Though it could have. Ruffalo here is a Boudu figure, brought into a house and slowly turning it inside-out. This could have been played with a more sinister bent (I kept thinking of The Stepfather, here) or it could have worked to a difficult resolution. Instead, Benning is given her own thumper, where she announces to Ruffalo (and the audience) that he's an interloper and if he wants a family make his own. He then disappears, and all the issues he raised presumably disappear with him. The point of the film now appears to be revealed by the title, the kids certainly are all right, and they will be all right without him. In the end, Cholodenko seems constrained by the need to make this film play to the mainstream; Carter Burwell's obtrusive NPR soundtrack score indicates this is an 'independent' film, but it seems to be worried lest anyone not get that it is a universal story. It works best when it tries least hard, and succeeds, in the end, at what it probably set out to do, be an entertaining light comedy with a slightly off-beat concept.

The real brilliance of Ruffalo's performance is the way he hides and reveals the essential immaturity of his character, and perhaps I was more sensitive to this immaturity because I had already seen Donor Unknown. Originally called Donor 150 (I liked the original title better, for its sf overtones, and because the donor is known, and is crucial), it tells a true story which obviously served as source material for this film: how a New York Times article about a sperm donor who'd fathered scores of children led to a number of them tracking him down, and the half-siblings gathering to meet their biological father.

Jeffrey Harrison is a self-described beach bum who lives with his dogs in an RV in Santa Monica or Venice beach parking lots and rescues pigeons.
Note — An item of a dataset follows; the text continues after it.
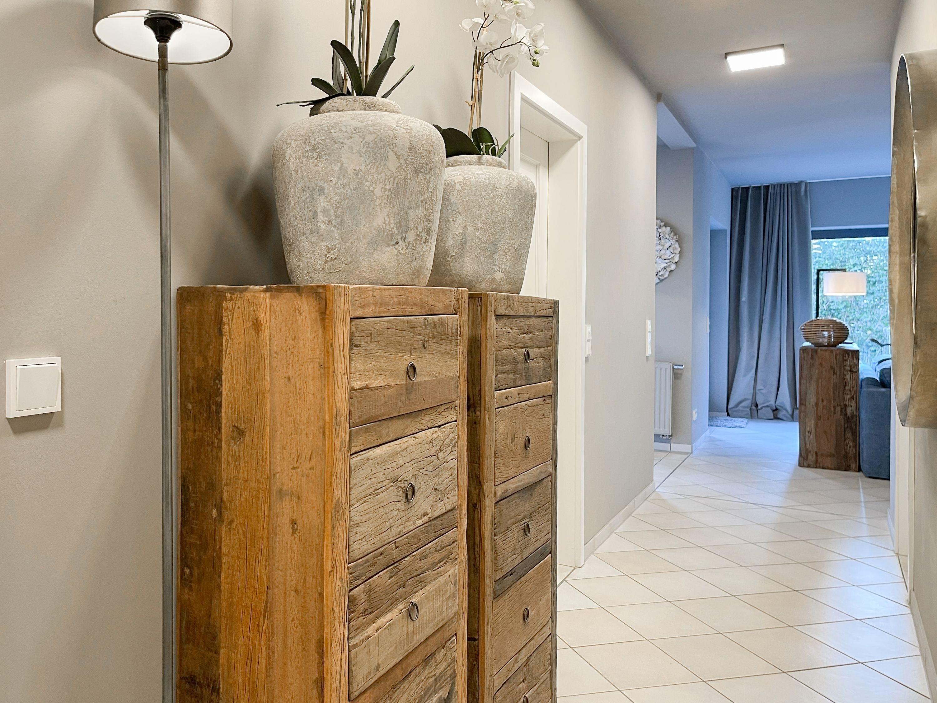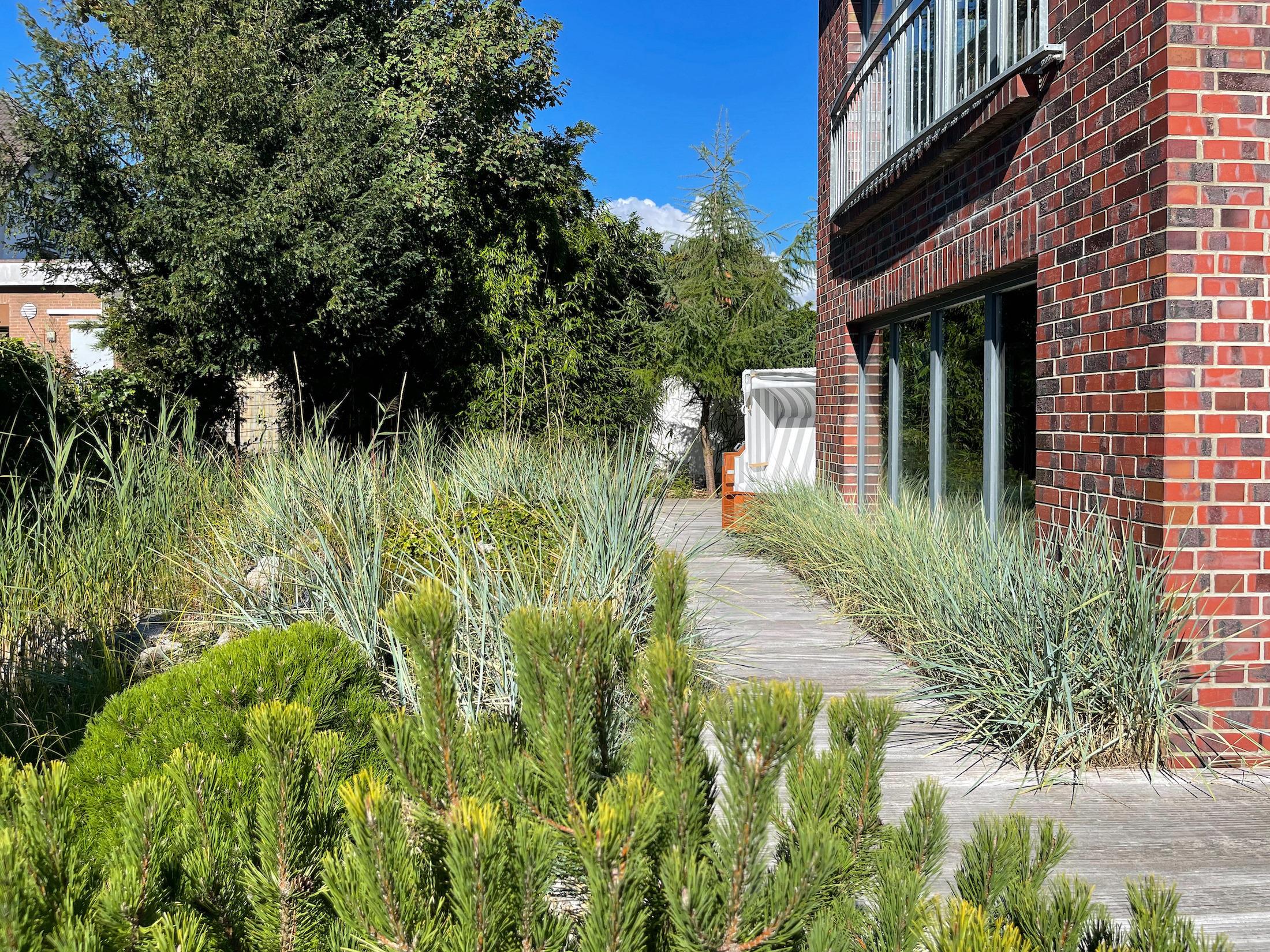 Deck 1 befindet sich im Erdgeschoss eines Ferienhauses mit nur 2 Wohnungen und bietet auf 90 qm Wohnfläche ausreichend Raum für 4 Personen, um einen erholsamen Ostseeurlaub zu verleben. Die hochwertige, äußerst geschmackvolle Einrichtung im Hampton Style schafft ein herrliches Ambiente zum Wohlfühlen, große, bodentiefe Fensterelemente sorgen für lichtdurchflutete Räumlichkeiten. Es stehen zwei separate Schlafzimmer zur Verfügung, die mit Boxspringbetten, Verdunklungsplissees, geräumigen Kleiderschränken und TV ausgestattet sind sowie 2 moderne Bäder mit Walk In Duschen, Waschtisch, WC[nbsp] und Fenster. Mittelpunkt der Wohnung bildet der großzügige Wohnbereich mit gemütlichen Sofas und herrlichem Blick in den wunderschön angelegten Garten. Der anschließende Essbereich ist für 4 Personen eingerichtet und die offene Küche ist selbstverständlich bestens ausgestattet. Der Außenbereich mit der 25 qm großen Terrasse (Südausrichtung), ausgestattet mit[nbsp] 2 Strandkörben und Gartenmöbeln,[nbsp] sowie der liebevoll gestaltete Gartenbereich mit großer Teichanlage, Goldfischen, Gräsern und Bambus stellt ein besonderes Highlight dar und wird garantiert zu jeder Tageszeit zum Lieblingsplatz. So bezaubernd die Teichanlage auch ist, könnte sie insbesondere für kleine Kinder eine Gefahr darstellen. Die Waschmaschine ist in einem separaten Raum innerhalb der Wohnung untergebracht. WLAN steht selbstverständlich zu kostenlosen Nutzung zur Verfügung. Fahrradständer befinden sich vor dem Eingang. Es fester Tiefgaragenstellplatz (Einfahrt 2 m) gehört zur Wohnung.

A one-time male model who posed in Playgirl in 1984, he at one time earned his rent by selling sperm to the California Cryobank, two or three times a week at $25-50 a pop. He has 'fathered' at least 58 children, and the film follows the efforts of a number of them to make contact with him. The central character is Jo-Ellen, a student in 'intelligence studies' (that's CIA type intelligence, not IQ test type intelligence) in Erie Pennsylvania, with lesbian parents, and it is she who makes contact with her half-siblings and is the driving force. Her innocence, combined with an obviously powerful need to fill an emptiness she feels, makes this a touching story; the more we see of Jeffrey, who has some drug issues, whose idea of fatherhood is confined to his relationship with his dogs, and who feels that the world is just a dream, the more we worry for Jo-Ellen and her siblings when they finally accomplish their goal.
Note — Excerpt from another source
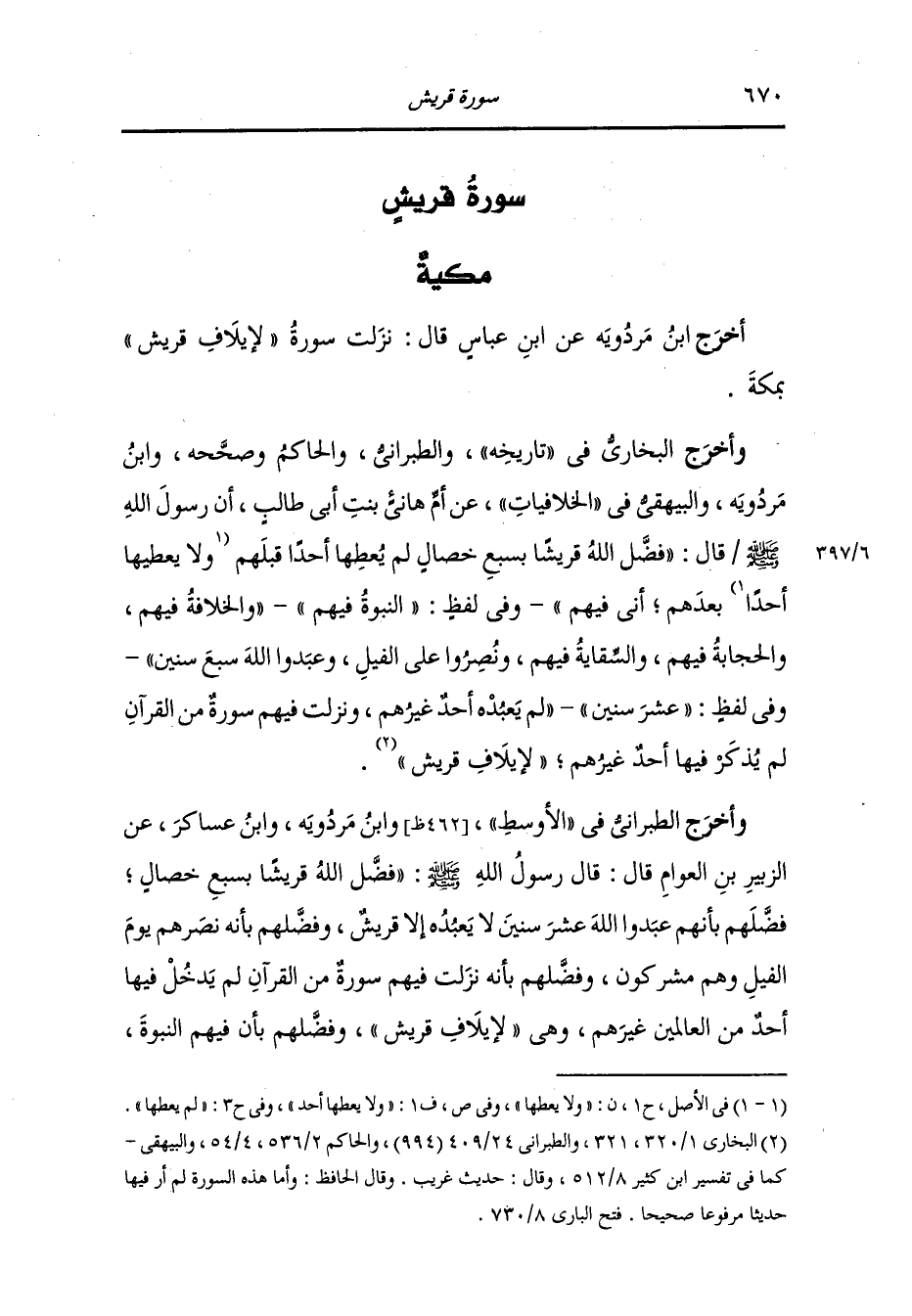 وأخرج الخطيب في تاريخه عن سعيد بن المسيب قال : قال رسول الله صلى الله عليه وسلم : إن الله فضل قريشا بسبع خصال : أنا منهم وأن الله أنزل فيهم سورة كاملة من كتابه لم يذكر فيها أحدا غيرهم وأنهم عبدوا الله عشر سنين لا يعبده أحد غيرهم وأن الله نصرهم يوم الفيل وأن الخلافة والسقاية والسدانة فيهم.

Ruffalo's Paul is like a fantasy version of Jeffrey, without the issues except for the immaturity. He is immune to other people's feelings; he fails to recognise the hurt he causes Tanya (YaYa DaCosta) his casual squeeze who appears to be waiting for just a spark of maturity from him, and he jumps at the easy sort of family his sperm donor status provided. When Laser asks why he donated sperm he babbles about helping people, just as Jeffrey talks about 'the miracle attached', when the reality is it was money for pulling old rope.
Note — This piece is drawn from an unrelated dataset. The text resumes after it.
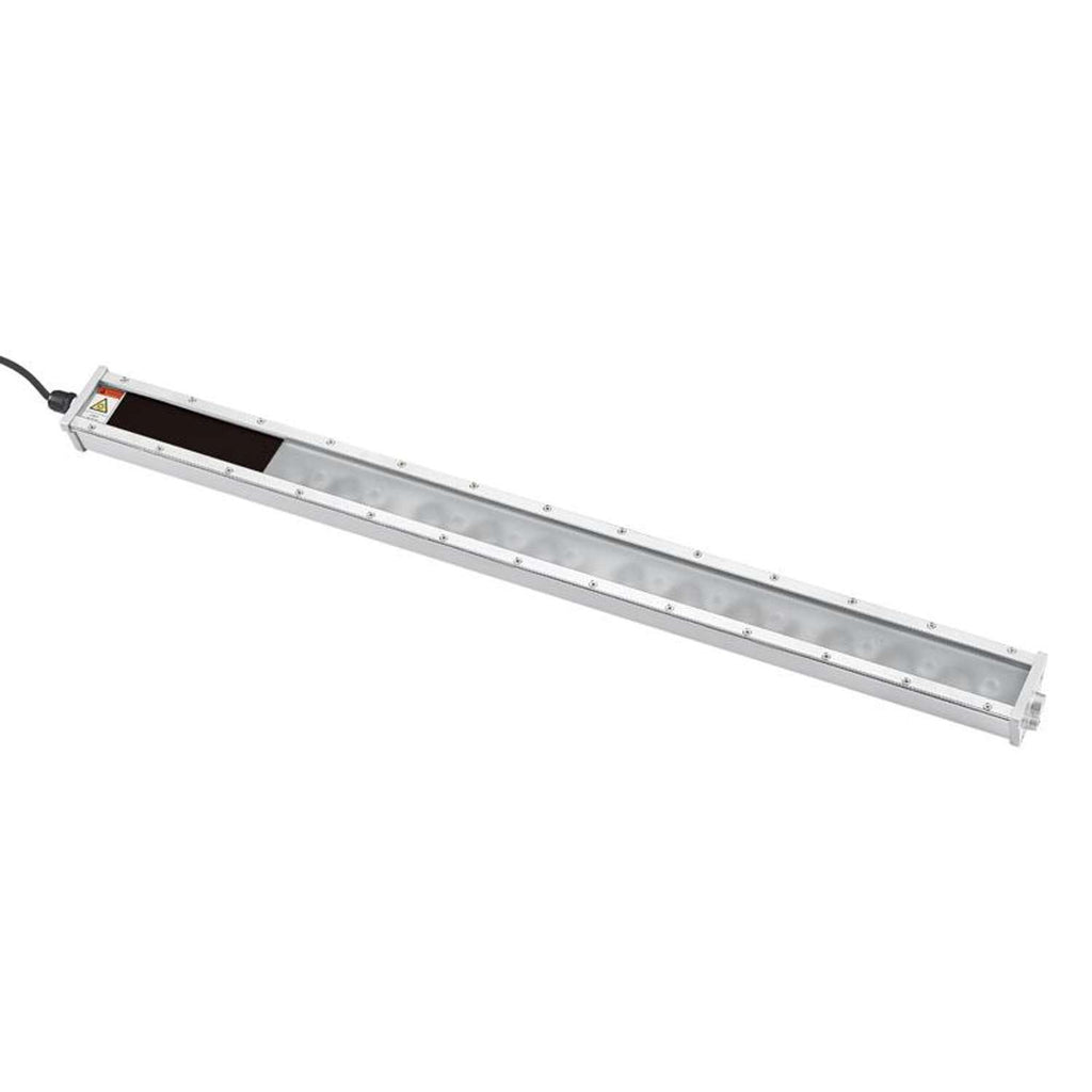 • Anodiseret aluminiumskabinet med stærkt, hærdet glas • Beskyttelsesgrad IP67 gør lyset modstandsdygtig over for mange fedtstoffer, kølevæsker og partikler • Armaturet bruges i maskiner eller arbejdspladser med begrænset plads, der kræver store lysresultater • Længde: 870 mm • Lysspredning: 80° • LED levetid op til 50.000 timer • Lumen: 3040 • Lys farve: 5700 Kelvin • Farvegengivelse (CRI): > 80 • Arbejdstemperatur -20°C til +45°C • Fastgørelsessystem: 2 stk. vinkelbeslag • Effekt forbrug: 40W • Kabellængde: 1,8 meter med EU stik • Strømtilslutning: AC 100V - 240V

In the end Donor Unknown is a far more gripping film than The Kids Are All Right, and every bit as entertaining. Director Jerry Rothwell can play with ambiguities, or rather let them reveal themselves and resolve themselves, and we hang with sympathy on JoEllen's reaction to Jeffrey, and what her future might hold. Because Donor Unknown concentrates solely on the issue of fatherhood, the difference between nature and nurture, the biological urge to find one's roots, and doesn't have to entertain or veer off into teen angst or the hardships of marriage, gay or straight, it is free to challenge its viewers, and it is certainly one of the best docs of the year, and a highlight of the Sheffield Festival.